Though it may not be noticeable to younger people, ageism is an extremely strong force in our culture. Resumes indicating an older age are less likely to lead to interviews, according to a National Bureau of Economic Research study. According to another study in Psychological Science, people associate older people with negative words like "unpleasant" and "awful." This is because we've been taught that being younger is better than being older.
These problems are certainly worth combatting, but if you want to combat ageism, giving these common compliments is the wrong way to go.
1. "You're ___ For Your Age"
People deserve to feel good about themselves because of who they are, not despite it. When we tell people they have positive traits even though they're at the age they're at, what we're saying is that their age is a bad thing.
2. "You've Aged Gracefully"
When we say someone has aged gracefully, what we really mean is that they've aged less. If someone really looks like they've aged, we don't say they've aged gracefully. So, this compliment is really just a way of telling older people they look good because they don't look like who they are.
3. "You Have So Much Energy"
This implies that you wouldn't expect an older person to have a lot of energy, which may compliment the individual you're addressing, but still insults the group they belong to by treating them as the exception.
4. "You Must Have A Lot To Teach Us"
We all have things to teach one another, but just because someone belongs to a particular group (people with disabilities deal with this also) doesn't mean it's their responsibility to teach you.
5. "You've Really Kept Up With The Times"

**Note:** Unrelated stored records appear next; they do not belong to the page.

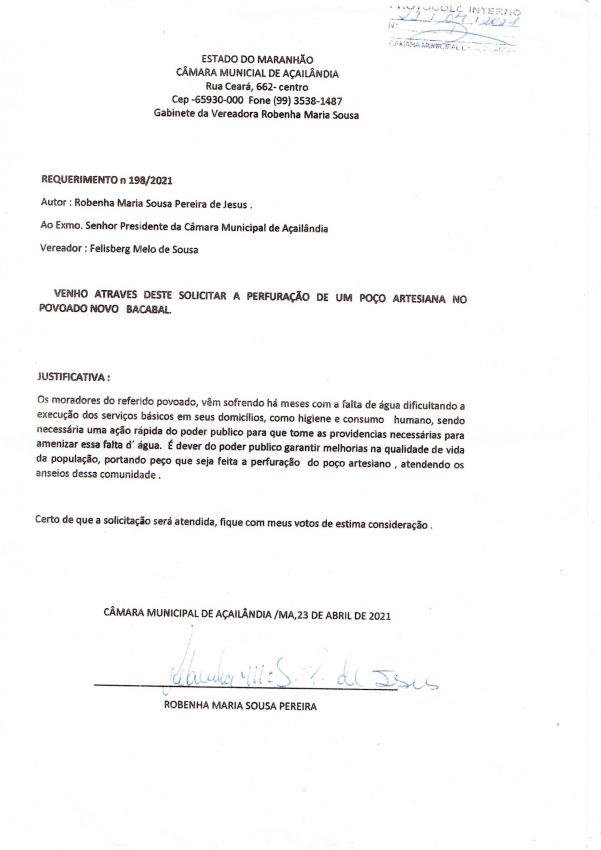 Através do requerimento de nº198/2021, a Vereadora solicitou a perfuração de um poço artesiano para atender a comunidade do povoado novo Bacabal.
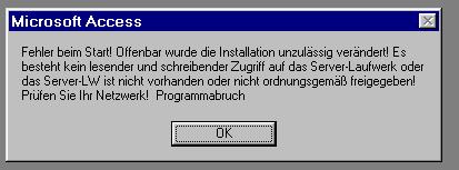 Netzwerkumgebung zu finden. Das Programm kann die Serverdatenbank nicht
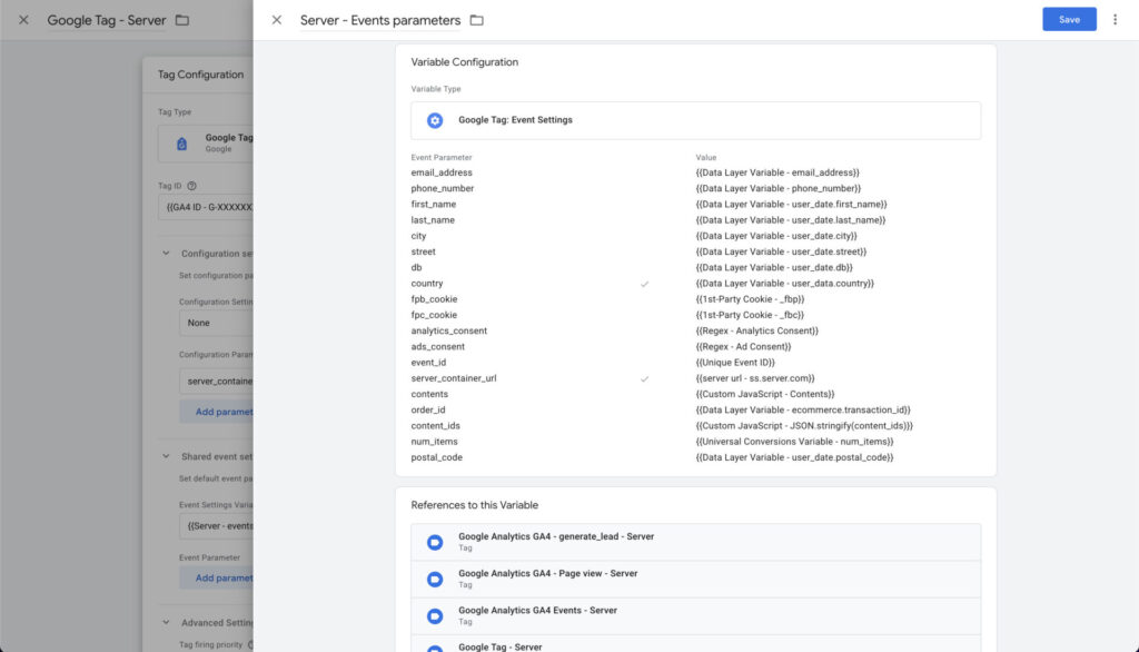 Section titled “Example: E-commerce (client-side configuration)”We will use a Google Tag as a way to transfer data from browser to server. This is accomplished by adding an extra field, the server_container_url, in the Configuration settings section.This field works alongside other parameters you want to send to the server, such as email, first_name, etc.
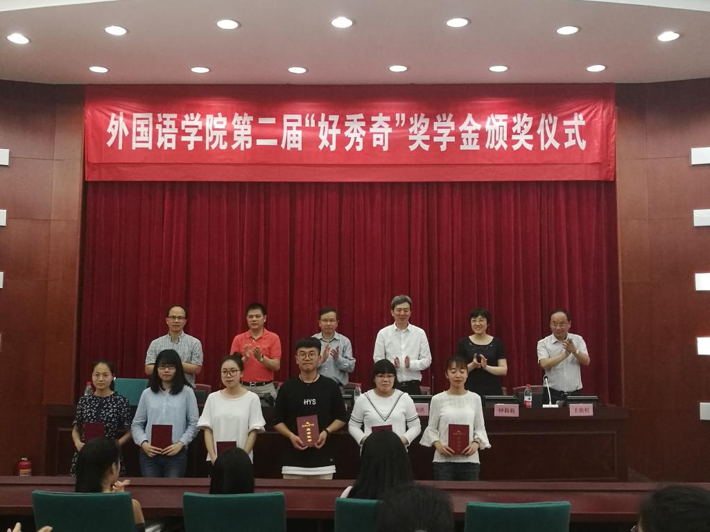 5月25日下午,外国语学院第二届“好秀奇”奖学金颁奖仪式在南山7号楼报告厅顺利举行。副校长杨大明,秀奇实业(香港)有限公司执行董事、广深港校友会会长、英语89届校友石国洪,广深港校友会名誉会长钟光明,对外联络处处长(教育基金会秘书长)、外国语学院以及相关部处和学院代表出席会议。第二届“好秀奇”奖学金获得者以及学院200名师生代表出席颁奖仪式。

Because older people are living under a rock and aren't normally in touch with politics or pop culture or technology? That's what this comment implies.
6. "You're So Cute!"
It's common to affectionately describe older people as "cute." But this term is infantilizing and condescending. You don't typically hear the word "cute" used to describe people the speaker has great respect for.
7. "Are You Her Sister?"
Asking someone if she's her child's sister is paying her a compliment by saying she looks younger than she is — but why is it a good thing to look young? This is only considered a compliment because we prize youth over age, and that attitude should be challenged, not made the basis for flattery.